Uit een historisch portret van Adam Smith (1723-1790) door filosofiejournalist Bart Coster blijkt dat deze Schotse verlichtingsdenker gefascineerd was door conflicten tussen eigenbelang en altruïsme. De eerste zin van zijn eerste boek Theorie van de morele gevoelens luidt dan ook:
‘Hoe egoïstisch men ook denkt dat mensen zijn, er is overduidelijk iets in hun wezen dat hen geïnteresseerd maakt in het lot van anderen.’
Volgens Coster ziet Smith empathie als een van de belangrijkste waarden:
‘Als we denken dat eigenbelang puur egoïstisch is, begrijpen we ons eigenbelang niet goed. We verlangen er niet alleen naar geprezen te worden maar ook prijzenswaardig te zijn.’
Smith was van mening dat het streven naar welbegrepen eigenbelang leidt tot een goede, harmonieuze maatschappij.

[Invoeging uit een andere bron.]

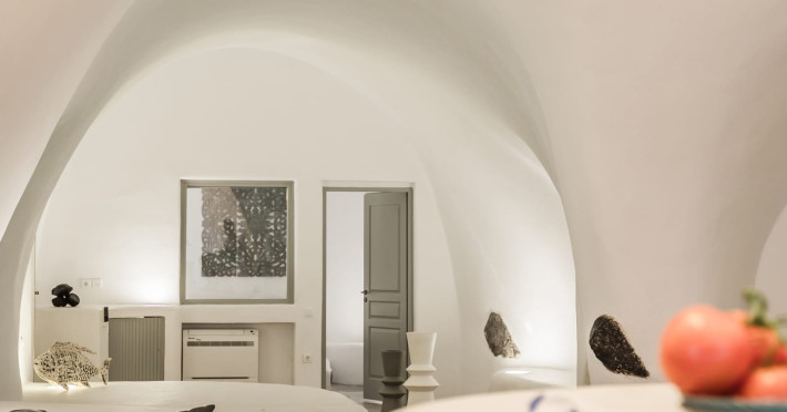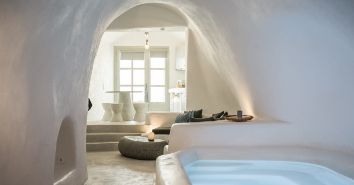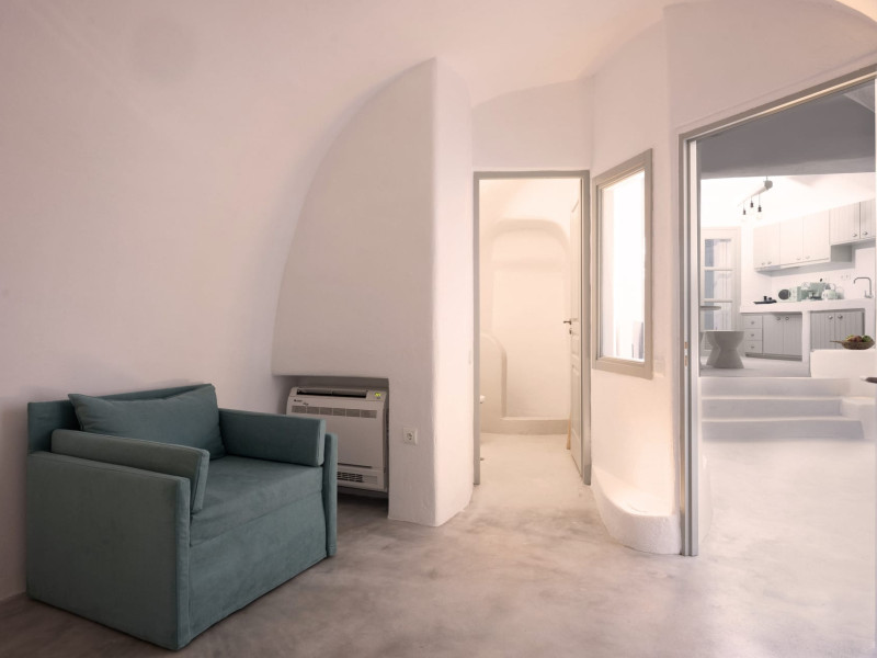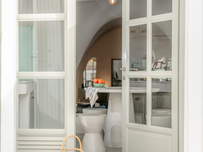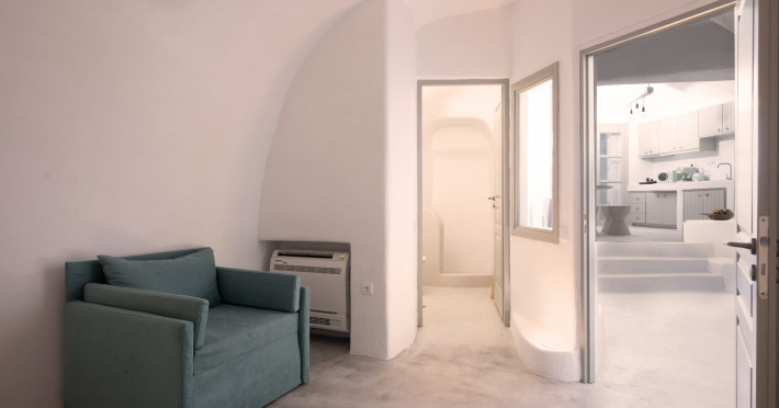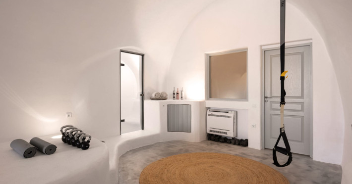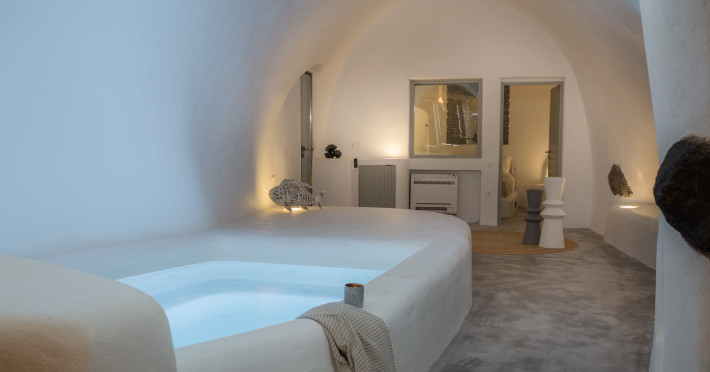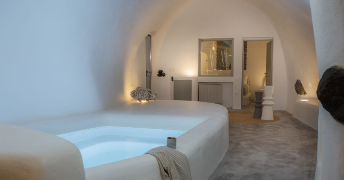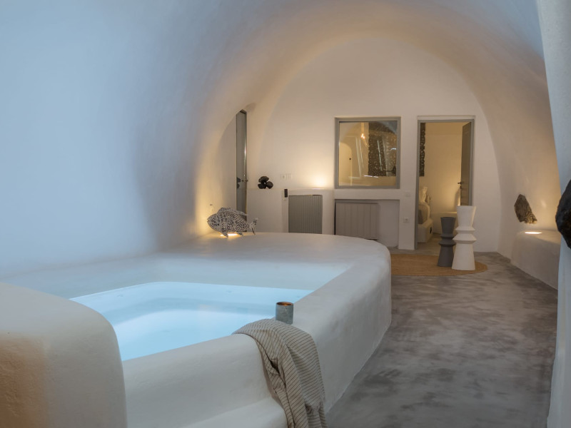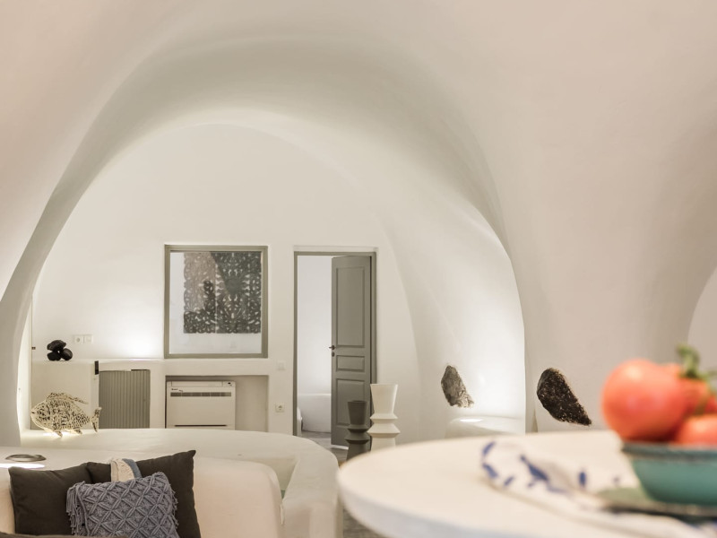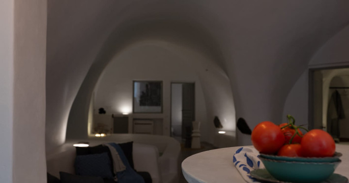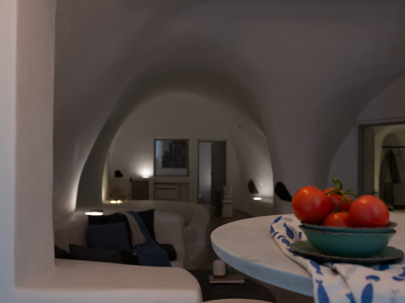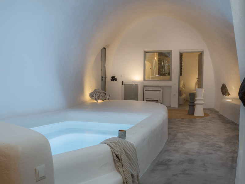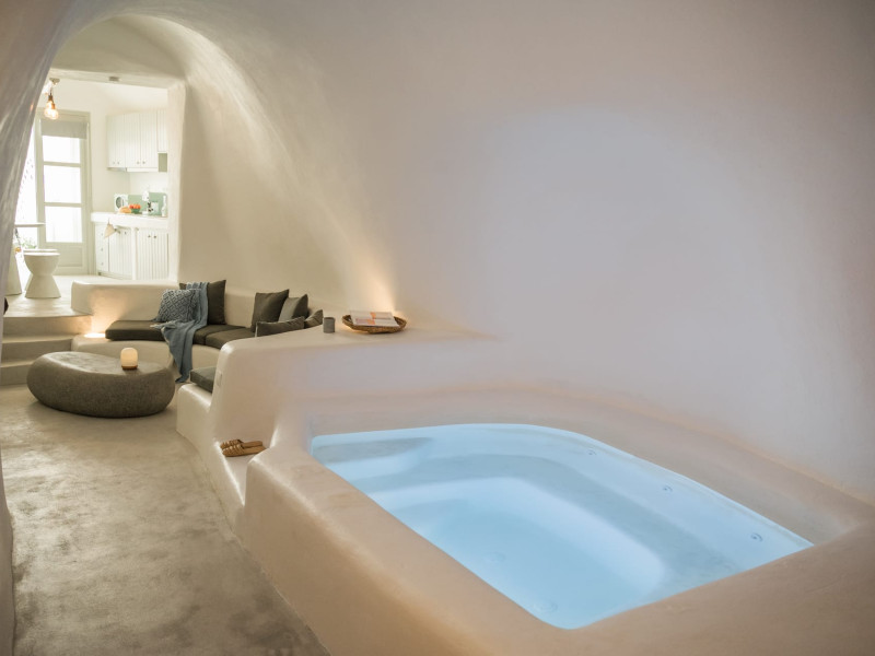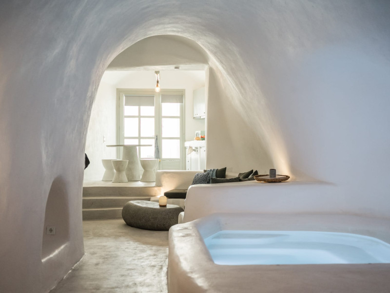 Cave House Villa – A minimal luxury villa nestled in the peaceful village of Megalochori, Santorini. Carved into the volcanic rock and inspired by traditional Cycladic architecture, the villa masterfully blends timeless elements with modern design. It features two king-size bedrooms with orthopedic mattresses, two full bathrooms, a heated jacuzzi, private hammam, mini gym, a fully equipped kitchen, and a cozy lounge area.The spacious veranda and rooftop terrace open up to panoramic views of the caldera, the Aegean Sea, and Santorini’s iconic sunsets. The whitewashed, minimalist palette and curated amenities elevate both the aesthetic and the essence of the experience.Ideal for couples, families, or friends seeking luxury, tranquility, and design in the heart of Santorini. Just a few steps from Megalochori’s charming village square, and only a short drive from Fira, Imerovigli, and renowned local wineries.

In zijn tweede boek De welvaart van landen legt hij volgens Coster ‘het eerste en vrijwel complete fundament onder de vrijemarkteconomie’. Hiermee slaat de verlichtingsdenker een brug tussen zijn ideeën over de mens als sociaal en moreel wezen en de politiek en ontpopt hij zich als sociaal econoom. Smith stelt dat ons streven om een betere versie van onszelf te worden ertoe leidt dat we andere mensen goed behandelen. Dit zelfregulerend effect van de markt noemt hij ‘de onzichtbare hand’.
Aan het einde van zijn leven heeft Adam Smith spijt dat hij niet meer boeken heeft geschreven. ‘Ik had meer willen doen; er is materiaal in mijn geschriften waar ik veel meer van had kunnen maken.’ Omdat Smith zijn ongepubliceerde werken vlak voor zijn dood liet verbranden, kennen we hem als een man van twee meesterwerken: een over de waarde van empathie en de ander over de waarde van welbegrepen eigenbelang.